We'll have to twist ourselves into a knot to excuse Chiefs coach Andy Reid (one of the league's best forward thinkers) for drafting a running back in the first round (a vestige of previous eras). But here goes: LSU's Clyde Edwards-Helaire might be the best receiving back in the draft, and the Chiefs are highly productive when they target their backs. Edwards-Helaire is tremendous in the open field, having forced the second-most missed tackles (97) in college football last season. Chiefs quarterback Patrick Mahomes has thrown 16 touchdown passes to running backs in two seasons and averages an NFL-best 7.7 yards per attempt when targeting running backs in his career. For a comp, consider how Reid used Brian Westbrook in Philadelphia from 2002 to 2009. Over that period, Westbrook caught twice as many touchdown passes (29) as the next-best running back. Reid gets the benefit of the doubt here.

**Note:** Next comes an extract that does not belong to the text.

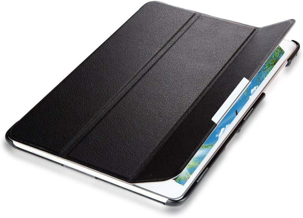 Protect your Samsung Galaxy Tab A 9.7 (2015 Edition) with this slim black case. Designed for a precise fit, it features a durable protective back and a lightweight front cover. The foldable stand supports comfortable viewing and typing, making it ideal for daily use at home, school, or work.

Somewhere around 1,458 people have been named "Raekwon" since 1880, according to the website BabysNameHub.com. The Dolphins have two of them: second-round defensive tackle Raekwon Davis and third-year linebacker Raekwon McMillan, a second-round pick in 2017. According to the Pro Football Reference database, they are the only two Raekwons in NFL history. McMillan welcomed his new teammate to Miami:
Another one— Raekwon McMillan (@Kwon_daTRUTH) April 24, 2020
Given the importance of the position, and the frequently crushing implications of an injured starter, it's a mystery why teams don't draft a quarterback every year and assign his development to an assistant coach. Even if he never helps win a game, the quarterback could perhaps become a trade asset. That's what Philadelphia Eagles general manager Howie Roseman was referring to Saturday after drafting Oklahoma quarterback Jalen Hurts in the second round. "We want to be a quarterback factory," Roseman said. But generally speaking, NFL teams expect significant contributions from second-round picks within a season or two. Hurts isn't playing quarterback in the coming years unless starter Carson Wentz is injured. So we'll give Roseman the benefit of the doubt and assume the Eagles also have a 2020 offensive role in mind, at some position, for Hurts as well.

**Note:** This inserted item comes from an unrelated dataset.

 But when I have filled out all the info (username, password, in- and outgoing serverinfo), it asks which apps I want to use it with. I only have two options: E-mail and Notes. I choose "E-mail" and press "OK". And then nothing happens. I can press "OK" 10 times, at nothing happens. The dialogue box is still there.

The great receiver class of 2020 lived up to its billing. Eight receivers flew off the board in the first 35 overall picks, the highest total in the common draft era; 26 were drafted through five rounds; and a total of 36 were drafted overall, tying the record set in 2003 for the most in a seven-round draft, all according to the Elias Sports Bureau. This was a perfect synthesis of talent and an annual screaming need from a pass-happy league.
No team was more receiver-focused than the Las Vegas Raiders, who became the first team in 38 years to draft three receivers in the first three rounds of a single draft. (It had happened only twice before, with the 1982 Saints and the 1967 Vikings.) In Alabama's Henry Ruggs III, the Raiders got the fastest receiver in the draft. Kentucky's Lynn Bowden is an all-around playmaker and South Carolina's Bryan Edwards can be a strong outside presence. If Derek Carr ultimately falters under coach Jon Gruden, it won't be because of a lack of weapons.
The same is true of Denver Broncos quarterback Drew Lock, who in some ways might be the top winner of the draft. To go along with veteran receiver Courtland Sutton, Lock now has Alabama's Jerry Jeudy (Round 1) and Penn State's KJ Hamler (Round 2). The Broncos also got his former tight end at Missouri, Albert Okwuegbunam, in the fourth round. What remains to be seen about the Broncos' offense, however, is whether they can find a way to elevate their offensive line. The Broncos ranked No. 27 in ESPN's pass rush win-rate metric and didn't add a lineman until drafting center Lloyd Cushenberry III in Round 3.
The Miami Dolphins took the opposite approach for building around new quarterback Tua Tagovailoa, drafting offensive linemen in the first, second and fourth rounds. Of that group, you can expect USC's Austin Jackson (Round 1) to start right away at left tackle, with Louisiana-Lafayette's Robert Hunt (Round 2) at right guard or right tackle.